CDU Ronnenberg

Tempo 30 in Empelde, wo es Sinn macht

CDU begrüßt gezielte Regelung

Tempo 30 wird in Empelde nicht pauschal eingeführt, sondern auf einzelnen Abschnitten. Genau das hatte die CDU-Fraktion bereits im Mai 2025 für das Beispiel Nenndorfer Straße in Empelde beantragt.

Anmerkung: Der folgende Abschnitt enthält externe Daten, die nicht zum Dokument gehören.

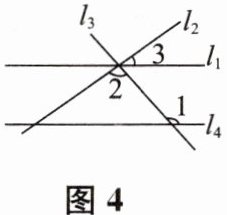 7. 如图4,直线$ l_{1} $,$ l_{2} $,$ l_{3} $交于一点,直线$ l_{4}// l_{1} $,若$ \angle 1=131^{\circ} $,$ \angle 2=95^{\circ} $,则$ \angle 3 $的度数为______

Tempo 30: Sicherheit ja – aber gezielt
Die aktuelle Entscheidung zu Tempo 30 in Empelde ist ein Schritt in die richtige Richtung.
Wir als CDU-Fraktion begrüßen ausdrücklich, dass nicht flächendeckend, sondern differenziert vorgegangen wird. Tempo 30 muss dort gelten, wo es die Verkehrssicherheit erhöht – etwa bei Schulwegen oder an besonders sensiblen Abschnitten. In den vorgesehenen Abschnitten der Berliner Straße und Nenndorfer Straße sind viele Kinder und ältere Menschen unterwegs.

Hier gilt künftig Tempo 30 in Empelde
Berliner Straße:
ab Ampel-Kreuzung Hirtenstraße/ Am Sportpark („grüne“ Hochhaus 17c) bis ungefähr kurz hinter den Zebrastreifen.
Nenndorfer Straße:
ab Straßenbahnhaltestelle 9 bis zur Höhe Häkenstraße (abbiegen zum Friedhof) bei Malschule/Autowerkstatt/Tischlerei 
Hier: Montag bis Samstag von 7:00 Uhr bis 20:00 Uhr

Unser Antrag im Mai 2025
Bereits im Mai 2025 haben wir beantragt, Tempo 30 nur auf sinnvollen Streckenabschnitten einzuführen am Beispiel Nenndorfer Straße in Empelde.
Unser Ansatz war klar: keine pauschale Regelung, sondern eine Prüfung im Einzelfall. Wo Gefahrenpunkte bestehen, handeln. Wo der Verkehrsfluss funktioniert und keine besondere Gefährdung vorliegt, Tempo 50 beibehalten.
Uns ging es dabei um Akzeptanz. Regeln werden nur eingehalten, wenn sie nachvollziehbar sind.

Warum das wichtig ist
Verkehrspolitik betrifft den Alltag aller. Wer zur Arbeit fährt, Kinder zur Schule oder Kita bringt oder auf das Auto angewiesen ist, spürt jede Änderung unmittelbar.
Deshalb braucht es Maß und Mitte. Sicherheit erhöhen, ohne unnötige Belastungen zu schaffen.

Was das für Empelde bedeutet
Für die Menschen in Empelde heißt das: mehr Sicherheit an gefährlichen Punkten – ohne unnötige Einschränkungen im Alltag.
Gerade im Berufsverkehr oder auf Hauptverkehrsstraßen ist ein verlässlicher Verkehrsfluss wichtig. Gleichzeitig brauchen Kinder, ältere Menschen und Radfahrer besonderen Schutz.
Beides ist möglich. Wenn man genau hinschaut.

Unsere Position
Wir stehen für pragmatische Lösungen statt Symbolpolitik. Tempo 30 ist ein sinnvolles Instrument – aber kein Selbstzweck. Entscheidend ist, dass jede Maßnahme begründet ist und die tatsächliche Situation vor Ort berücksichtigt.
Diesen Weg haben wir im Mai 2025 am Beispiel der Nenndorfer Straße vorgeschlagen. Umso mehr begrüßen wir, dass nun in diese Richtung entschieden wurde.

Fazit
Sicherheit und Vernunft gehören zusammen.
Mit einem Schild allein ist es nicht getan. Entscheidend ist, dass Tempo 30 auch eingehalten wird. Gerade am Schulweg.
Hier bleibt die Herausforderung: regelmäßige Kontrollen. Nur so entsteht echte Sicherheit für Kinder, ältere Menschen und Radfahrer.
Mit einer gezielten Einführung von Tempo 30 stärken wir den Schutz sensibler Bereiche – ohne Ronnenberg (und in diesen Fällen Empelde) unnötig auszubremsen. So stellen wir uns verantwortungsvolle Kommunalpolitik vor.